• Exercise aim
Return the listing verbatim, images left out.

───── Given information ─────

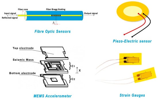 Mahjoubi et al. [23] studied a Shanghai tower with a 632 m height by applying a limited number of sensors to predict the damage and behavior of the structure. The ultimate motive of monitoring is to reduce the number of sensors and achieve optimum results, so new sensing technology is adopted, namely, a triaxial accelerometer using a hypotrochoid spiral optimization algorithm, such as flower pollination, lion pride optimization, a teaching–learning-based optimization colony, spiral optimization, particle swarm optimization, and Jaya. Three objective functions of automated modal monitoring by adopting seven algorithms are considered to identify modes. This approach is more effective in high-rise buildings. It cannot be applied to other structures without further research. Figure 3 shows some of the major sensors adopted for SHM.
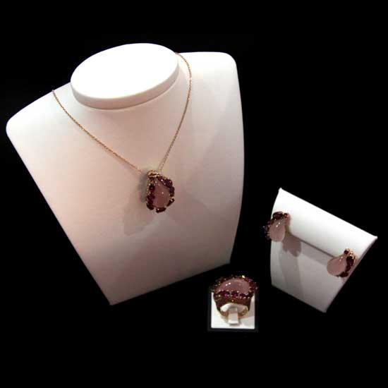 The stunning jewelry set consists of a rhodolite necklace, a ring and a pair of earrings. The charm appears in a bouquet and gives a joyous feeling. The jewelry item is also embellished with diamonds and pink sapphire stones to shine in dazzling radiance, accentuating ladies' evening dresses.
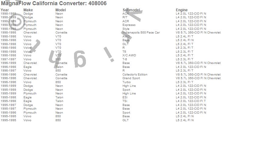 Below is an abreviated list of applications for the Universal California Catalytic Converter.

─────

• Task solution
 Mahjoubi et al. [23] studied a Shanghai tower with a 632 m height by applying a limited number of sensors to predict the damage and behavior of the structure. The ultimate motive of monitoring is to reduce the number of sensors and achieve optimum results, so new sensing technology is adopted, namely, a triaxial accelerometer using a hypotrochoid spiral optimization algorithm, such as flower pollination, lion pride optimization, a teaching–learning-based optimization colony, spiral optimization, particle swarm optimization, and Jaya. Three objective functions of automated modal monitoring by adopting seven algorithms are considered to identify modes. This approach is more effective in high-rise buildings. It cannot be applied to other structures without further research. Figure 3 shows some of the major sensors adopted for SHM.
 The stunning jewelry set consists of a rhodolite necklace, a ring and a pair of earrings. The charm appears in a bouquet and gives a joyous feeling. The jewelry item is also embellished with diamonds and pink sapphire stones to shine in dazzling radiance, accentuating ladies' evening dresses.
 Below is an abreviated list of applications for the Universal California Catalytic Converter.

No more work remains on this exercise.